ASSIGNMENT
Reproduce the listing exactly. Omit pictures.

COLLECTED DATA

****************************************

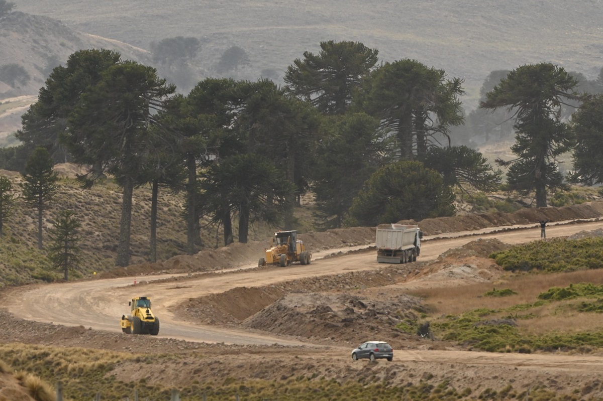 Las máquinas trabajan en la obra, a pocos kilómetros de Villa Pehuenia. Foto: Alejandro Carnevale.
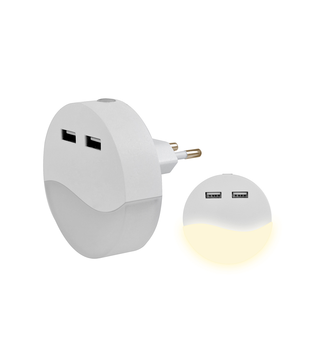 PILOTO LUZ NOCTURNA LED CON SENSOR CREPUSCULAR 2 USB 2A 0.5W 3000K REDONDO BLANCO
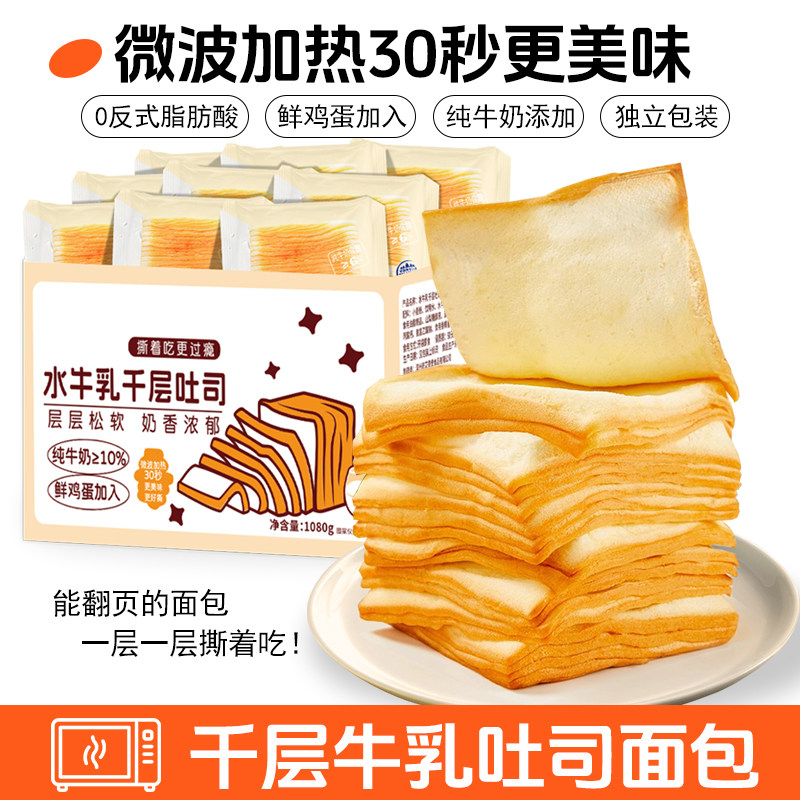 水牛乳千层魔方吐司手撕早餐软面包整箱20包2斤装点心小零食好吃

****************************************

WRITTEN RESPONSE
 Las máquinas trabajan en la obra, a pocos kilómetros de Villa Pehuenia. Foto: Alejandro Carnevale.
 PILOTO LUZ NOCTURNA LED CON SENSOR CREPUSCULAR 2 USB 2A 0.5W 3000K REDONDO BLANCO
 水牛乳千层魔方吐司手撕早餐软面包整箱20包2斤装点心小零食好吃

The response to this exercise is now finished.